Would you be so kind and provide some hints/solutions to the above?

  • 4
    This is simply [Bernoulli Inequality](http://en.wikipedia.org/wiki/Bernoulli's_inequality) – 2012-04-23

3 Answers 3

4

You'll probably want to assume at least $r \ge -m$, otherwise it can be false (e.g. try $m=3$ and r < -9).
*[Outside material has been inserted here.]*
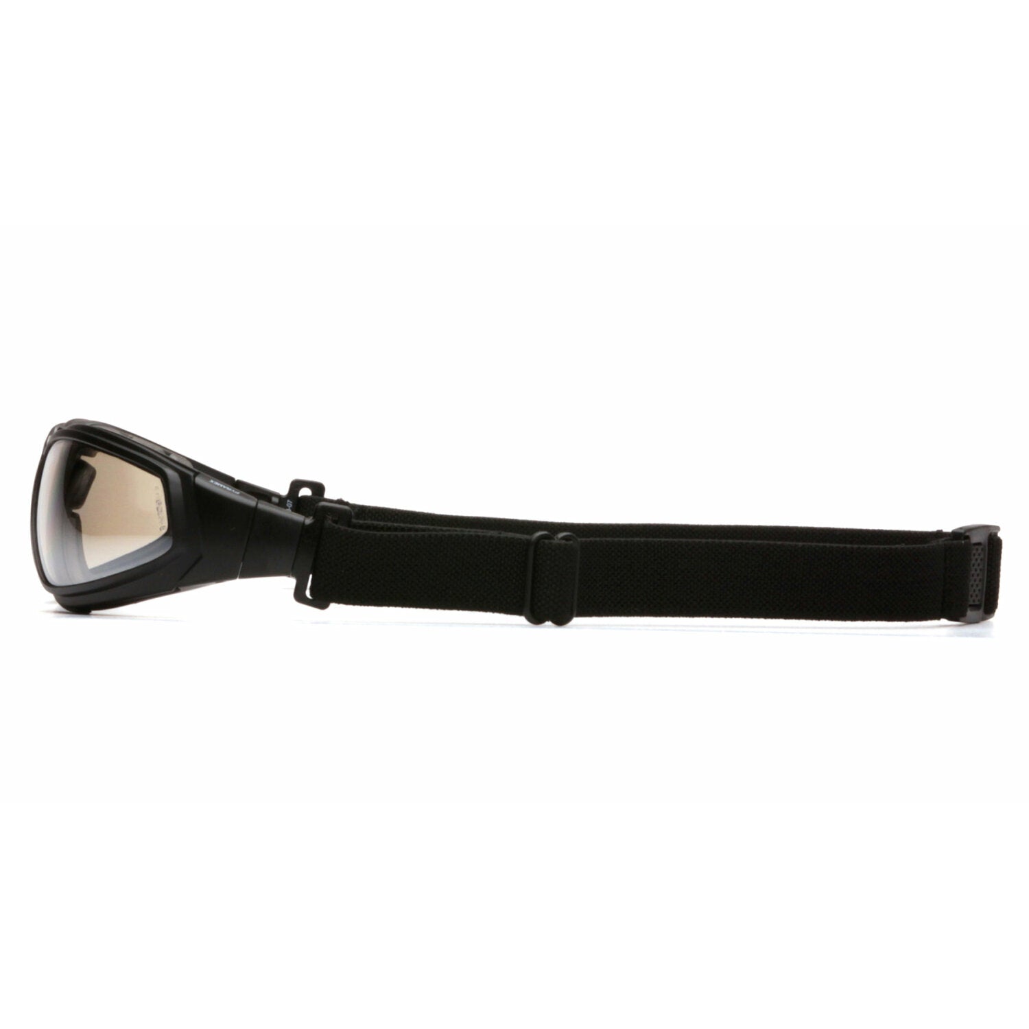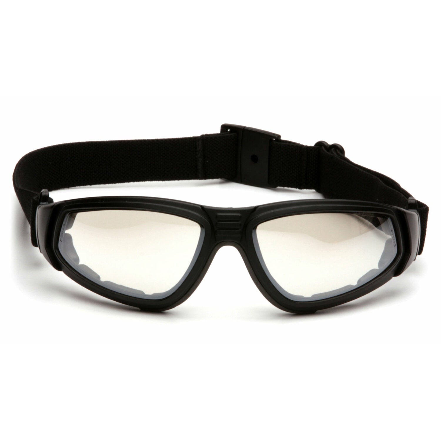 Pyramex - XSG - Black Frame/Indoor/Outdoor Anti-Fog Lens - Flame resistant foam padding forms a seal to keep out dust and airborne particles. Strap has Quick Fit retainer for easy on/off. Lenses are treated to prevent fogging. Design allows air to flow freely reducing heat. XS EASE Replacement lens system. Interchangeable temples/strap included with each pair. Lenses provide 99% protection against harmful UV rays.
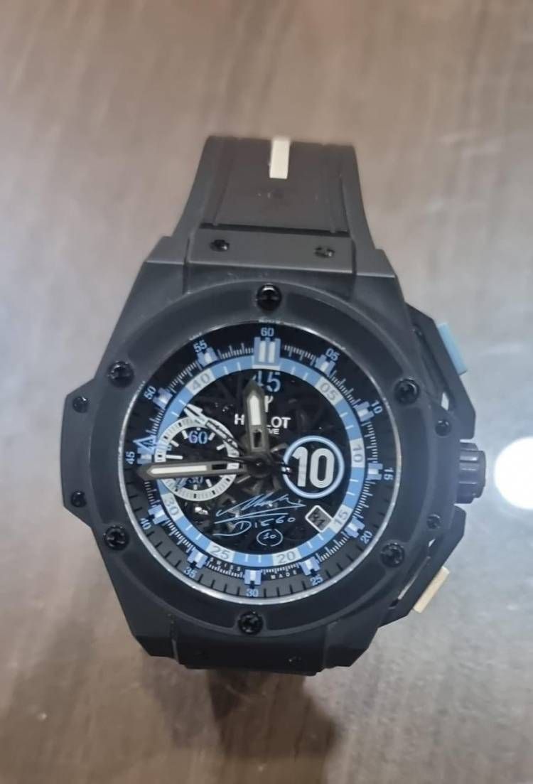 这块手表是宇舶为马拉多纳独家定制的产品,一个限量版的Big Bang Unico型号,价值约为26500美元。

Let $f(r) = (1+r/m)^m - (1+r)$ for -m \le r < \infty. Then $f(0) = f'(0) = 0$, while $f''(r) = \frac{m-1}{m} (1+r/m)^{m-2} \ge 0$, so $f(r)$ is convex on this interval. Therefore $f(r) \ge 0$ there.

  • 0
    So it *is* the hangover! :-) – 2012-04-24
2

This is not a very nice solution, but for $m$ not an integer:

It is easy to see that $\frac{\log(1+x)}{x}$ times a constant is a decreasing function (simply because $(\log(1+x)≤ x)$ and x grows faster). Hence for $x=\frac{r}{m}$ the function $ m*\log(1+r/m) $ is increasing for increasing $m≥1$. But therefore so is the function $(1+\frac{r}{m})^m$.

0
  1. If you do not know $\left(a+b\right)^n=\sum_{i=0}^n\binom{n}{i}a^ib^{n-i}$, prove it by induction using $\binom{n}{k}=\binom{n-1}{k}+\binom{n-1}{k-1}$.

  2. Note that $\binom{m}{0}=1$, $\binom{m}{1}=m$ for every $m$, and use it to prove the inequality.